The measuring module 20 operates as follows. Each ultrasonic transducer 32 successively plays the role of an emitter and a receiver. The processing unit 31 generates an electric excitation signal and applies it to the terminals of an emitting transducer. The emitter emits an ultrasonic signal into the measuring conduit 30, which is captured by the receiver after having travelled a path of predefined length in the measuring conduit 30. Then, the receiving transducer itself becomes an emitter and emits an ultrasonic signal, which is captured by the other transducer, after having travelled the same path, in the opposite direction.
The processing unit 31 deduces the speed of the gas and therefore the flow rate of the gas from the signals received.
The measuring conduit 30 comprises, at its outlet end of the gas, a fixing nozzle 35 which is fixed by elastic interlocking to the base 26 of the envelope 21. The measuring conduit outlet 30 therefore opens into the mixing chamber 27 via the fixing nozzle 35.
The measuring conduit 30 is positioned vertically. Its longitudinal axis X2 is parallel to the axis X1, without being combined with it.
The first chamber 15 and the second chamber 16 are separated by a dust filter 40.

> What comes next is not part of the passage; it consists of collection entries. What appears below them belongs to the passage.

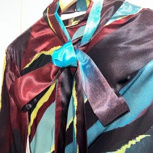 • Neckline: Scarf neck tie detail
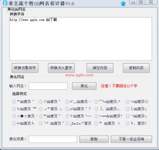 对于喜欢个性网名的朋友来说这款工具你一定会非常的喜欢,使用本工具输入你的qq网名然后选择一个你喜欢的网名款式然后点击美化就可以出来效果,如果你喜欢的话点击复制然后粘贴到qq网名上面就可以了非常的漂亮。
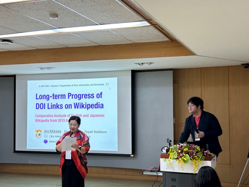- Jiro Kikkawa, Masao Takaku, Fuyuki Yoshikane. Long-term Progress of DOI Links on Wikipedia: Comparative Analysis of English and Japanese Wikipedia from 2015 to 2023. A-LIEP 2023, Taipei, Taiwan, 16p. (2023-12)
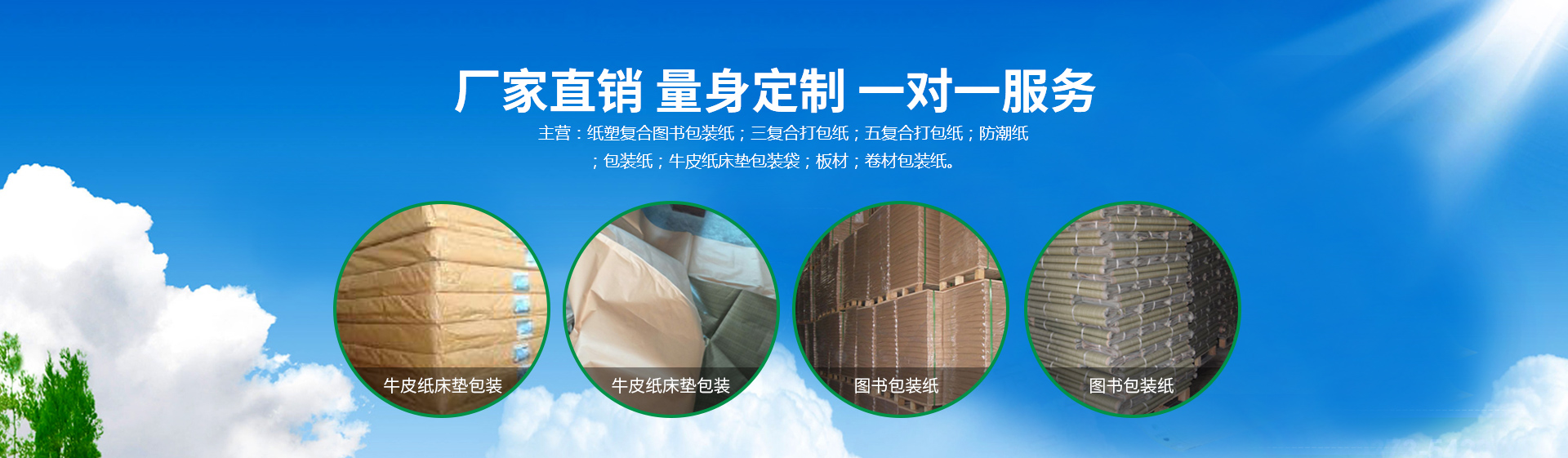 紙塑復(fù)合圖書(shū)包裝紙;三復(fù)合打包紙;五復(fù)合打包紙;防潮紙;包裝紙;牛皮紙床墊包裝袋;板材 ;卷材包裝紙。
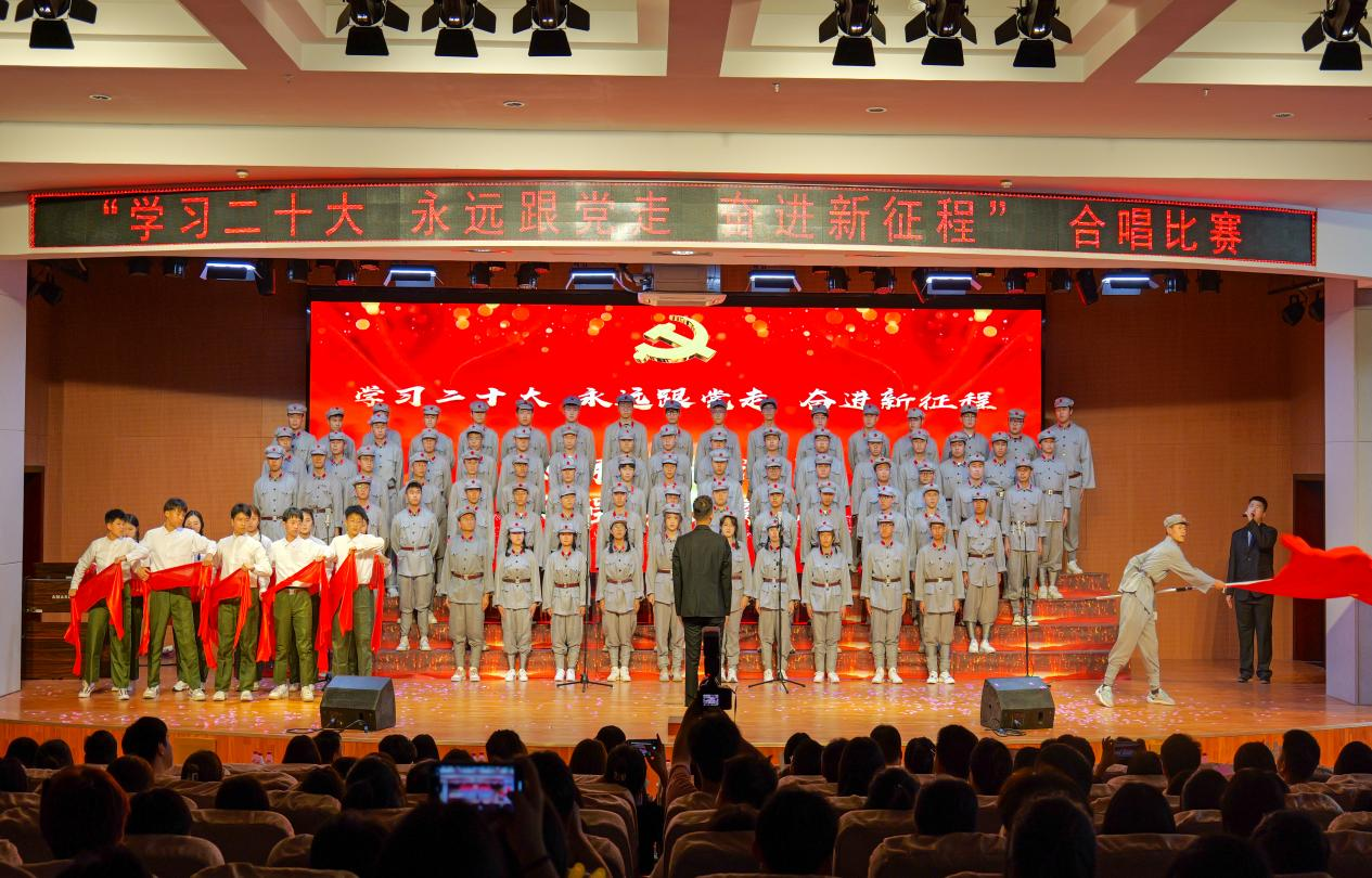 来自各学院7支的合唱队精彩演绎了14首歌曲,他们用青春昂扬的歌声歌颂党的百余年光辉奋斗历程,抒发交院人炽热的爱党爱国情怀和奋进新征程的豪情壮志。《保卫黄河》使人铭记山河破碎、民族危亡的血泪历史,重温经典,忆苦思甜;《强军战歌》《当那一天来临》唱出了铁马金戈起狼烟,热血男儿奋亮剑的无畏精神;《国家》《我爱你中国》道尽了青年学子对党和国家的浓浓深情,鼓励着青年为中华民族的伟大复兴而自强;《我宣誓》《大海航行靠舵手》唱出青年学子坚定理想、百折不挠的奋斗精神,诠释了“请党放心 强国有我”的铮铮誓言;《骄傲的少年》展现了青年学子的蓬勃朝气,体现了当代大学生勇立潮头、迎难而上的信心;《我们都是追梦人》展现了当代青年应有的责任与担当,以及对美好明天的憧憬。合唱此赛在人文与管理学院合唱团的歌声中落下帷幕,他们演唱的《不忘初心》《没有共产党就没有新中国》婉转动听、震人心魄,激励新时代青年大学生时刻以实现中华民族伟大复兴为己任,不忘初心,砥砺前行。7支合唱队伍着装统一,合唱表演形式多样,精彩纷呈。活动从开始整个校园歌声飞扬、生机勃勃。同学们精神饱满,激情演唱,用真挚的情感、如虹的气势唱出了对伟大党的拳拳深情和深切热爱。
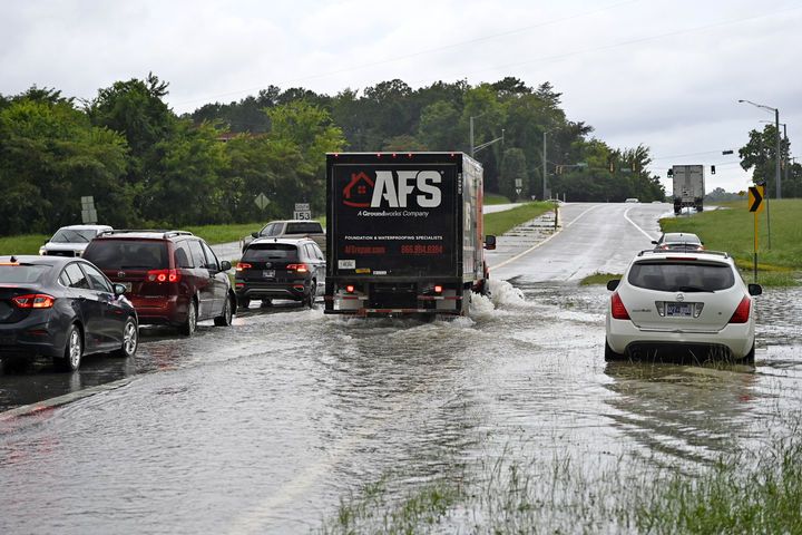 [채터누가( 미 테네시주)= AP/뉴시스] 테네시주를 강타한 역대급 폭우와 돌발 홍수로 8월 12일 채터누가의 간선도로의 차들이 침수된 도로를 조심스럽게 지나가고 있다. 2025. 08.14.
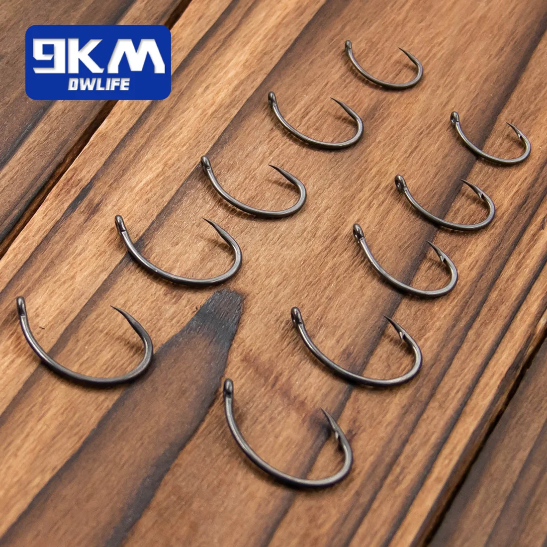 Anzuelos de Pesca de Carpa, Anzuelos de Pesca con Púas/sin Púas, Atado Curvo de Mosca, Anzuelos de Mosca Húmeda, Espacio Ancho, Corriente de Agua Salada
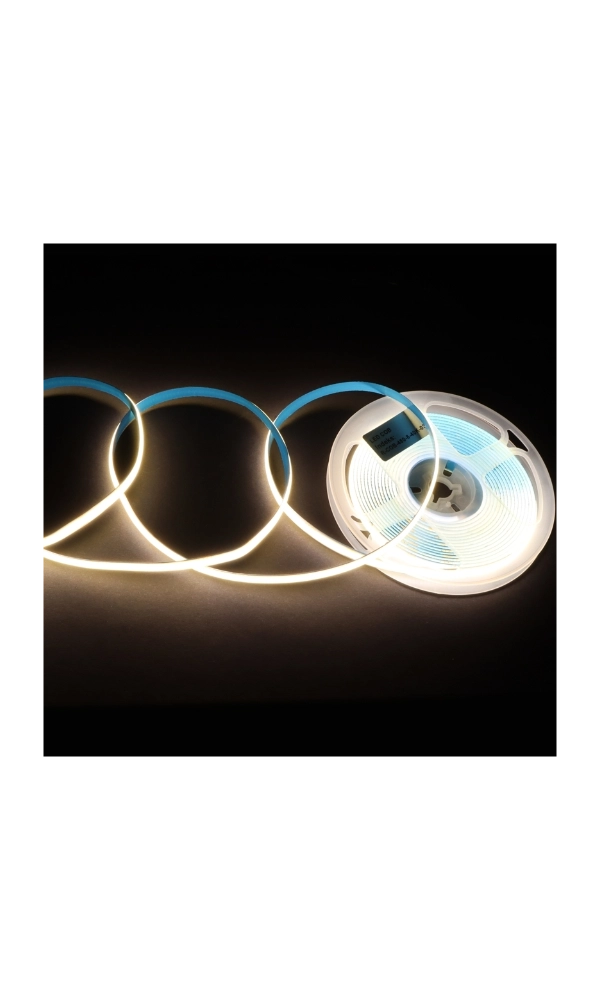 Taśma LED COB (Chip on Board) to zaawansowane technologicznie rozwiązanie, które zapewnia jednolite, intensywne światło bez widocznych diod. Idealna do oświetlenia dekoracyjnego, jak i funkcjonalnego, w każdym wnętrzu wymagającym nowoczesnej estetyki oraz doskonałej jakości światła. Taśma COB charakteryzuje się zwiększoną żywotnością oraz mniejszym poborem mocy niż jej odpowiednik w technologii SMD. Znajdzie ona zastosowanie jako oświetlenie zarówno użytkowe jak i dekoracyjne.

The first chamber 15 and the second chamber 16 are in fluid communication via the filter 40 and via a connecting conduit, which is the outlet conduit 28 of the gas mixing enclosure 21.
The pathway of the gas in the meter 1 is as follows. The gas enters into the meter 1 via the inlet orifices 11 of the connecting nozzle 10 of the connecting device 5 and therefore enters into the first chamber 15.
It crosses the dust filter 40 then enters into the second chamber 16. It thus passes through the measuring conduit 30 of the measuring module 20, and enters into the mixing chamber 27, where it is mixed again, such that it exits from the mixing chamber 27 by being homogeneous. It thus passes through the outlet conduit 28 of the envelope 21, through the conduit 23 of the valve 18, through the connecting nozzle 17, then through the outlet orifice 12 of the connecting nozzle 10 of the connecting device 5 of the meter 1.
The meter 1 comprises an inlet channel 41, which extends upstream from the measuring module 20 and through which the gas passes before entering into the measuring conduit 30, and an outlet channel 42, which extends downstream from the measuring module 20 and through which the gas passes after exiting from the measuring conduit 30. In this case, the terms “upstream” and “downstream” are defined with respect to the direction of circulation of the gas in the meter 1.
The inlet channel 41 and the outlet channel 42 pass through one same first plane P1. The first plane P1 is, in this case, a horizontal plane, which is perpendicular to a direction of circulation of the gas in the meter 1.
In reference to
The filtering medium 43, in this case, has a generally flat shape. Through this term, this means that its thickness is clearly less than its length and its width (for example, at least 5 times less).
A cross-section of the filtering medium 43 and a cross-section of the main hole 44, along a second plane P2 perpendicular to a thickness e of the filtering medium 43, respectively have as shapes, a shape of a cross-section of the inlet channel 41 and a shape of a cross-section of the outlet channel 42 along the first plane P1.
The dust filter 40 is thus arranged such that, when it is installed in the meter 1, such that the first plane P1 coincides with the second plane P2, the gas, before entering into the measuring conduit 30 of the measuring module 20, passes into the inlet channel 41 through the filtering medium 43, and after exiting from the measuring conduit 30 of the measuring module 20, passes into the outlet channel 42 through the main hole 44.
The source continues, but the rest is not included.